Toronto-based management consulting, design and branding agency Jackman has launched a new venture capital division called Catapult Capital Partners.
It will provide funding to high-potential, early stage companies that possess the potential to “transform” or create categories, complemented by strategy, brand development and creative consulting services. The goal, the company said, is to help those companies come out “faster, stronger and more fully formed.”
Jackman’s traditional focus has been on helping mid- to large-sized companies renew and reinvent themselves ((its clients have included Canadian Tire, Indigo, Maple Leaf Foods, and the U.S. chain Walgreens), but it was not participating in what founder and CEO Joe Jackman (right in main picture) called the “disruption” that is a hallmark of modern start-ups.
These new businesses have quickly grown their customer bases using tools like social media and platforms like Shopify, said Jackman, a 2020 inductee into Canada’s Marketing Hal of Legends.
“All of that was starting to happen while we were working on legacy businesses, many of which were very large scale and had run out of growth and, more concerning, relevance.
“Our clients are not small companies starting new business and aiming to disrupt categories. They are the old guard by definition, and we felt we weren’t getting the opportunity to gain deeper insight into not only what’s possible, but why consumers were starting to really migrate towards these new brands and businesses, [which are] often unproven and untested.
“We thought we’d better get into the swim of that.”
Catapult’s day-to-day operations will be overseen by managing director Niraj Hansoti, who said the goal is to help companies in situations where the “need for cash is high, room for error is low, and speed and precision are of the essence.”
“It’s not just about a marketing campaign or brand ID, it’s understanding which customers they’re for, how we’re going to win with them, and how do we live as a brand and make that come to life across all channels,” he said. “That creates a much stronger growth platform than creating a brand that looks great, but doesn’t really tug at the heartstrings of consumers.”
Jackman will forego fees associated with providing brand work for the companies and turn them into an equity stake.

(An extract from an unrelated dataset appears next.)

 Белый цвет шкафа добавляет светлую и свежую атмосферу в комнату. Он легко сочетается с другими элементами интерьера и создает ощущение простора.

In some cases it will put in cash to increase its equity stake and provide companies with much-needed working capital. “We will consider raising a fund in the future, but at the moment we’re able to make a number of investments per year [currently three to four] and we’ll start to grow that as we go,” said Jackman.
The company has a primary focus on the food and beverage, services and lifestyle sectors, where it has what Hansoti described as “deep experience.” Current investments include Flow Water, the snack brand Neal Brothers, and snack food brand SimplyProtein.

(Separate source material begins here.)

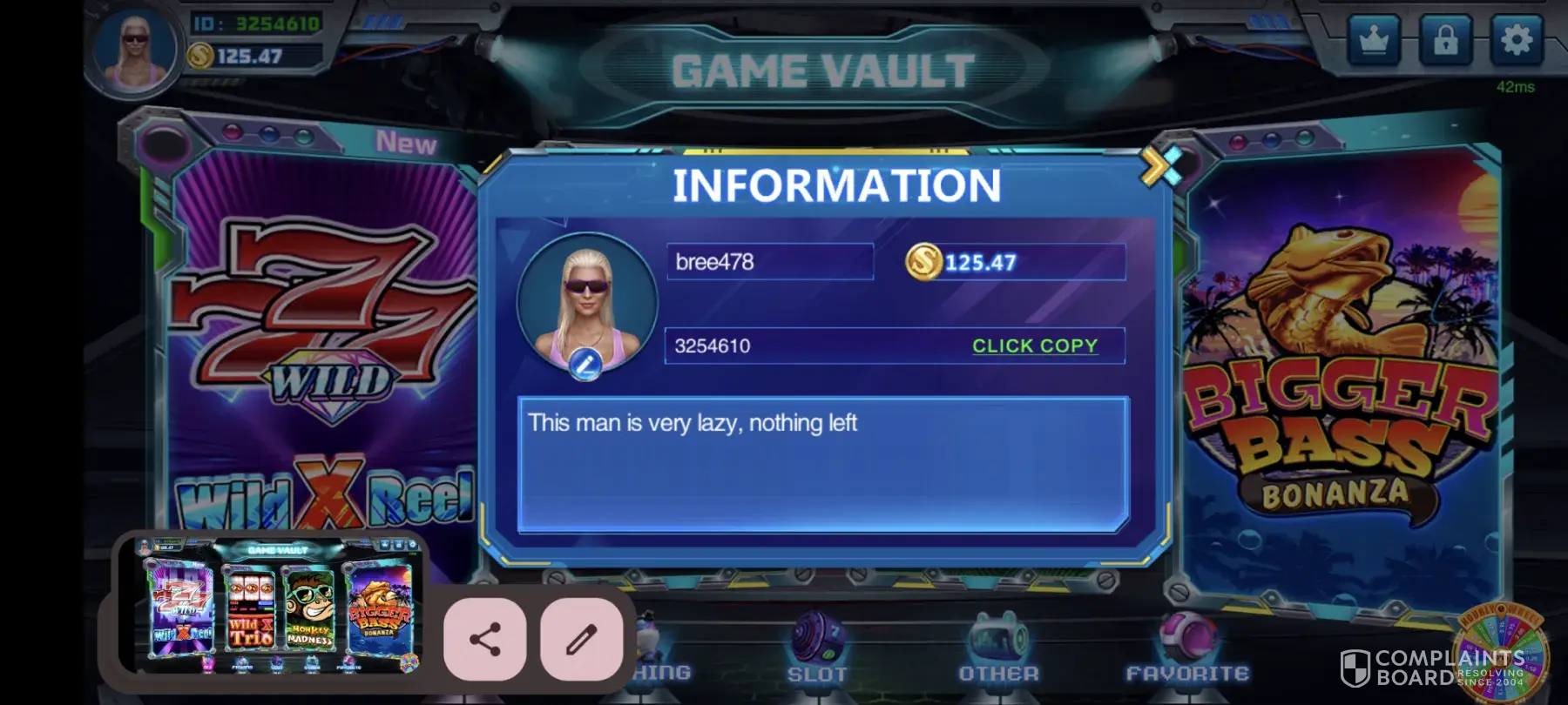Danny’s fishing game one of ur vendors is scamming people out of their money. This is a bad look on game vault and very bad businessI have been playing with them for a while depositing money in residency until now when I actually decided to redeem

“We’re also looking for the right fit with the company,” said Hansoti. “We don’t typically invest in companies where they’ve got [only] an idea. We look to work with a company that has some traction… has been in market, has tested with consumers, consumers are willing to pay for the product, and there’s some predictability around how they acquire customers.”
It also places an emphasis on the entrepreneurs themselves, said Hansoti, seeking leaders who are receptive to Jackman’s suggestions regarding brand strategy, and are committed to championing diversity and inclusion, and social impact.
Agencies exchanging creative services for equity stakes in clients is not a new phenomenon. Earlier this year, Arlene Dickinson’s Venture Communications launched a new entity called Venturepark that houses five distinct companies that provide capital, marketing, programming, innovation, commercialization and media amplification for companies in the CPG space.
Winnipeg’s Brandish also launched an independent investment development arm called Brandish Ventures with a $1.5 million fund, while last year Zulu Alpha Kilo also acquired a stake in the natural skincare brand Consonant Skin + Care and acts as its in-house agency.
But Jackman said that its hybrid of management consultancy, with brand strategy and creative is what differentiates Catapult. “We’re as close to the end-to-end partner as you would ever find,” said Jackman. “Now with capital, not just financial but creative and strategic capital, you won’t find anything like us in the marketplace. No one’s put that together with a venture capital competency and chequebook.”